HA! That’s THREE times as much funding as their competitors now!”, he shouts gleefully, eyes scanning Crunchbase as if it’s a celebrity gossip forum.
We’re hanging out on a Saturday with the kids, and I’m trying to steer the conversation away from business.
But my old friend can’t help but get distracted by the incessant notifications announcing new funding rounds. I don’t blame him.
That’s the thing about hyper-growth startups: they’re exciting to follow.
Will they be able to raise their next round of funding, or crash and burn?
Who will they hire and fire fast?
Will they become glittering unicorns — or just another casualty in the ever-growing tech graveyard?
These are the narratives spun by today’s startup media, whose limelight shines exclusively on the unicorns native to Silicon Valley.
Turbo-charged by VC money and famed for their super-speedy growth, they’re defined by a current valuation of $1bn + and boast huge vanity metrics.
And if unicorn superstardom is the goal, then rapid growth is the only benchmark worth knowing.
However, I believe in another, quieter kind of success.
Yes, the media glorifies big wins, precarious bets and fast movers; but there’s an alternative type of victory that’s just as valuable.
It comes with playing the long game.
Starter-kit? Courage — and years worth of patience.
Tactic? Slow, organic, customer-funded growth.
Prize? A company with solid foundations, lasting power and integrity.
Slow growth doesn’t have to be an unwanted consequence on a journey we’re always trying to accelerate.

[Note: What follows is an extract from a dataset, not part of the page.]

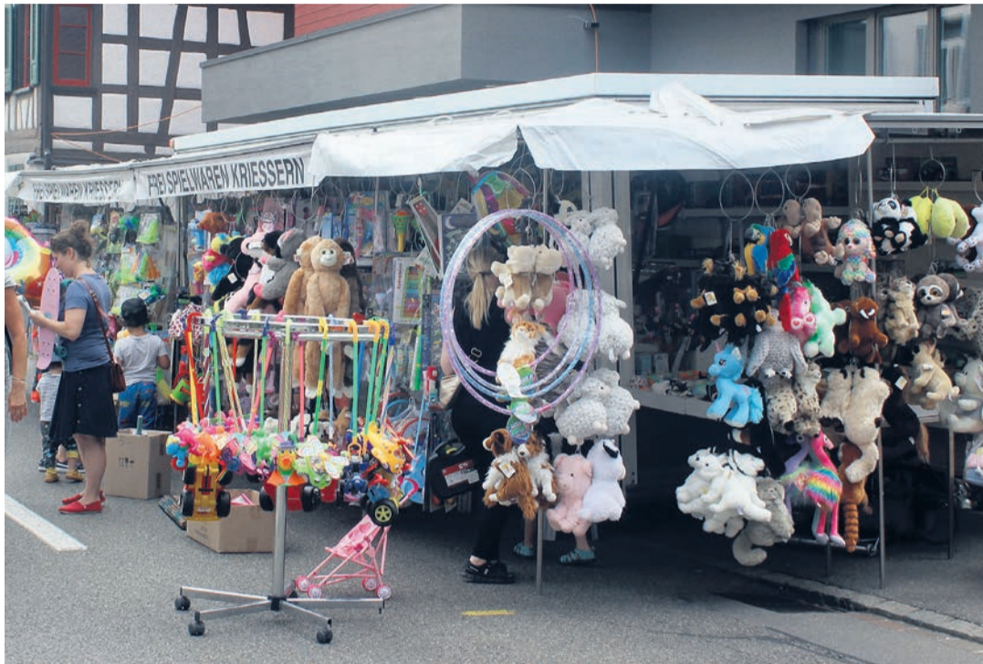
Die Chilbi ist für alle da und lockt mit Spielzeug auch die Kleinsten an.

Die Chilbi ist auch ein Treffpunkt für Einheimische und Gäste, die sich «zufällig» wiedersehen und Erinnerungen auffrischen. Alle Restaurants im Dorf haben über die Chilbitage ab 11 Uhr geöffnet. Ein besonderes Highlight ist das traditionelle Kartenspiel 'Bethlen', zu dem sich Stammgäste am Montagnachmittag im Garten des Gasthauses Hirschen treffen.

It can be a deliberate choice — a smart strategy with benefits to be reaped.
12 years of lessons
“Good things come to those who wait, but only the things left behind by those who hustle.”
Aspirational quotes like this are everywhere.
They laud the ‘successful entrepreneur’: a fast-moving risk-taker who clocks 80 hour weeks and three hour sleeps. His hustle is as hard as his handshake, and he’s fluent in woo-ing VCs.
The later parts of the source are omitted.